++++ Data in this exercise ++++
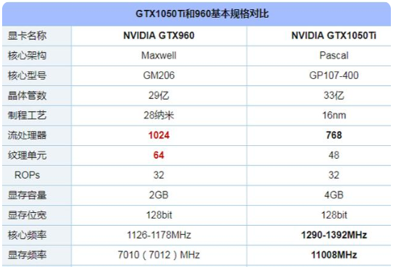 960顯卡和1050ti顯卡哪個好呢?1050ti是NVIDIA在2016年上市的帕斯卡架構中低端顯卡,960顯卡雖然出生比1056ti早,但是也有其不俗的實力,所以下面就讓我們看看哪個更好吧。
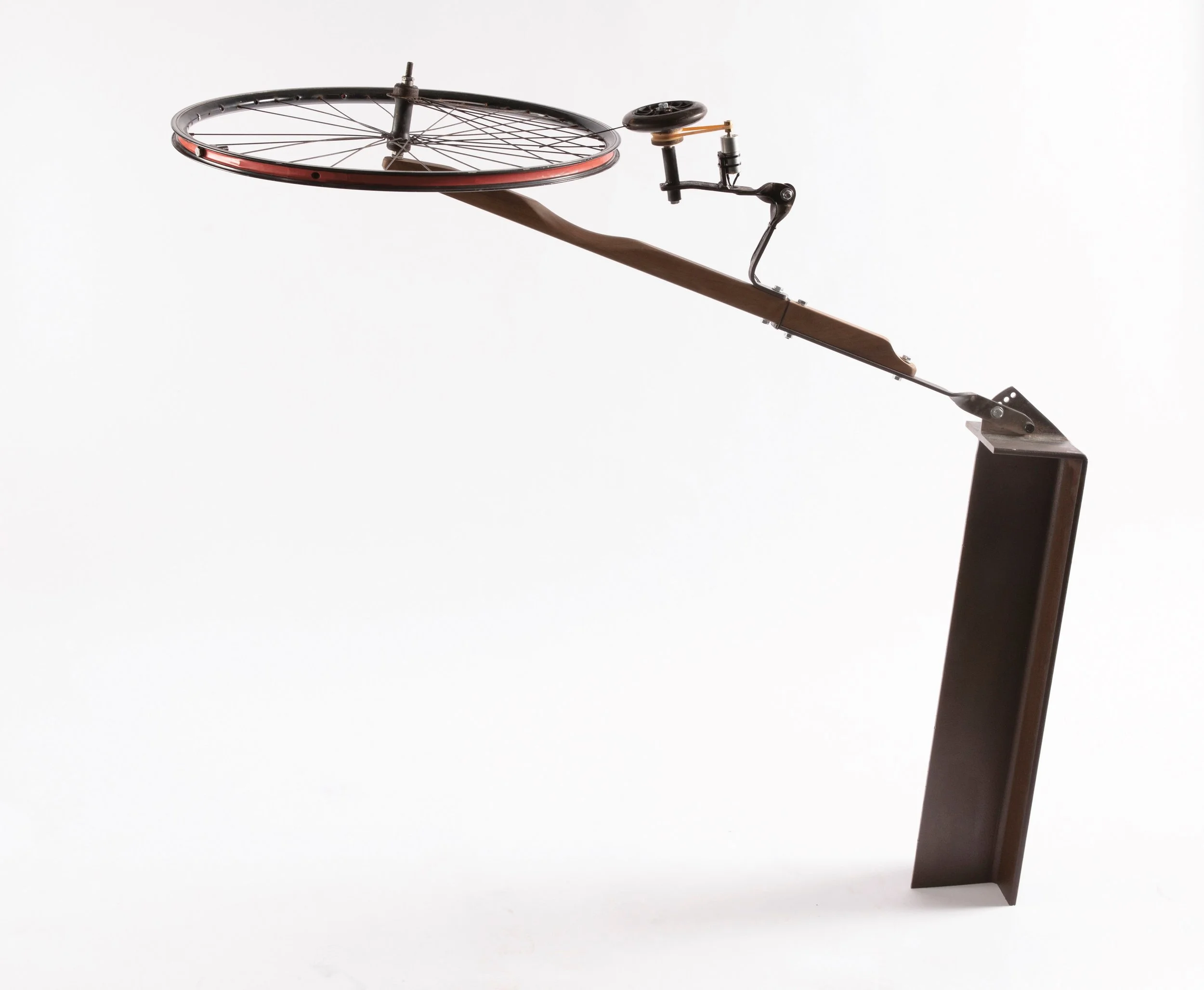 Feather gesture, 2022, Steel, bike wheel and tube, wire, feather, sinker, hardwood, dc motor, 94 cm x dimensions variable. NFS
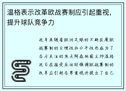 近年来,随着欧洲足球的不断发展,欧战赛制的合理性和公平性也成为了各方关注的焦点。阿森纳前主帅温格近日在接受采访时强调,欧战赛制的改革应引起各界重视,并提出了自己的见解。温格指出,当前的欧战赛制存在一些弊端,不仅影响了比赛的观赏性,也对球队的竞争力产生了负面影响。
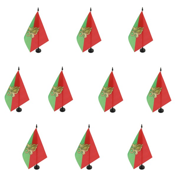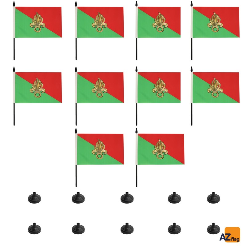 AZ FLAG - Set of 10 French Foreign Legion Table Flag 5'' x 8'' - 10 Small Army of France Office Flags 100% Polyester 21 x 14 cm - Mini Desk Flag with 10'' Pole and Black Plastic Base
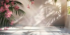 Abstract studio background for product presentation room with shadows, flowers - Ai Generated
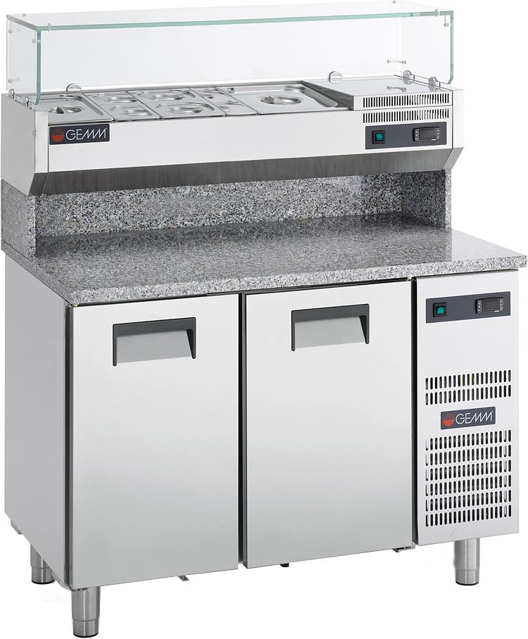 Холодильный стол Gemm SMR/12 серии NEW SMART предназначен для раскатки теста, обработки ингредиентов для приготовления пиццы, охлаждения и кратковременного хранения скоропортящихся продуктов и напитков на предприятиях общественного питания и торговли. Модель оснащена охлаждаемой витриной для контейнеров на гранитном бортике со стеклянной крышкой и цифровым термостатом. Столешница выполнена из гранита.
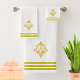 Golden fleur de Lis and three stripes on white. Elegant modern towel set. Image only on one side.
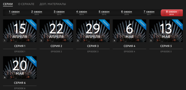 Дополнительные плюсы. В Okko можно бесплатно (по подписке) посмотреть все предыдущие сезоны, в отличие от некоторых других онлайн-сервисов. Также в социальных сетях Okko идет голосование за обладателя Железного Трона Вестероса, результаты интерактивные — каждый день на обложках сообществ появляется количество баллов у каждого героя. Голосуют подписчики сообщества, можно попробовать любое количество раз. Голосуя, подписчик участвует в розыгрыше триала, можно выиграть бесплатный период до 14 дней, количество попыток не ограничено.
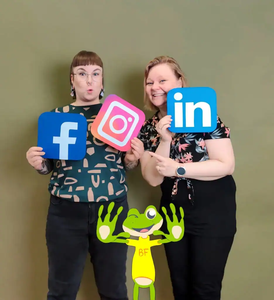 Bruno the Frogin tiimillä on yhteensä noin 25 vuoden kokemus sosiaalisen median hallinnasta ja sisällöntuotannosta. Olemme koulutettuja markkinoinnin sekä viestinnän ammattilaisia ja vuosien aikana olemme työskennelleet monipuolisesti erilaisten asiakkaiden kanssa, jotka edustavat muun muassa matkailun, kulttuurin, teollisuuden ja koulutuksen aloja. Kokemuksemme kattaa sekä B2B- että B2C-markkinoinnin, ja olemme toteuttaneet strategisia somekampanjoita niin suurille kuin pienillekin yrityksille ja organisaatioille.
++++
Exercise directions: Please print every record exactly as written, without the pictures.

Response to the exercise:
 960顯卡和1050ti顯卡哪個好呢?1050ti是NVIDIA在2016年上市的帕斯卡架構中低端顯卡,960顯卡雖然出生比1056ti早,但是也有其不俗的實力,所以下面就讓我們看看哪個更好吧。
 Feather gesture, 2022, Steel, bike wheel and tube, wire, feather, sinker, hardwood, dc motor, 94 cm x dimensions variable. NFS
 近年来,随着欧洲足球的不断发展,欧战赛制的合理性和公平性也成为了各方关注的焦点。阿森纳前主帅温格近日在接受采访时强调,欧战赛制的改革应引起各界重视,并提出了自己的见解。温格指出,当前的欧战赛制存在一些弊端,不仅影响了比赛的观赏性,也对球队的竞争力产生了负面影响。
 AZ FLAG - Set of 10 French Foreign Legion Table Flag 5'' x 8'' - 10 Small Army of France Office Flags 100% Polyester 21 x 14 cm - Mini Desk Flag with 10'' Pole and Black Plastic Base
 Abstract studio background for product presentation room with shadows, flowers - Ai Generated
 Холодильный стол Gemm SMR/12 серии NEW SMART предназначен для раскатки теста, обработки ингредиентов для приготовления пиццы, охлаждения и кратковременного хранения скоропортящихся продуктов и напитков на предприятиях общественного питания и торговли. Модель оснащена охлаждаемой витриной для контейнеров на гранитном бортике со стеклянной крышкой и цифровым термостатом. Столешница выполнена из гранита.
 Golden fleur de Lis and three stripes on white. Elegant modern towel set. Image only on one side.
 Дополнительные плюсы. В Okko можно бесплатно (по подписке) посмотреть все предыдущие сезоны, в отличие от некоторых других онлайн-сервисов. Также в социальных сетях Okko идет голосование за обладателя Железного Трона Вестероса, результаты интерактивные — каждый день на обложках сообществ появляется количество баллов у каждого героя. Голосуют подписчики сообщества, можно попробовать любое количество раз. Голосуя, подписчик участвует в розыгрыше триала, можно выиграть бесплатный период до 14 дней, количество попыток не ограничено.
 Bruno the Frogin tiimillä on yhteensä noin 25 vuoden kokemus sosiaalisen median hallinnasta ja sisällöntuotannosta. Olemme koulutettuja markkinoinnin sekä viestinnän ammattilaisia ja vuosien aikana olemme työskennelleet monipuolisesti erilaisten asiakkaiden kanssa, jotka edustavat muun muassa matkailun, kulttuurin, teollisuuden ja koulutuksen aloja. Kokemuksemme kattaa sekä B2B- että B2C-markkinoinnin, ja olemme toteuttaneet strategisia somekampanjoita niin suurille kuin pienillekin yrityksille ja organisaatioille.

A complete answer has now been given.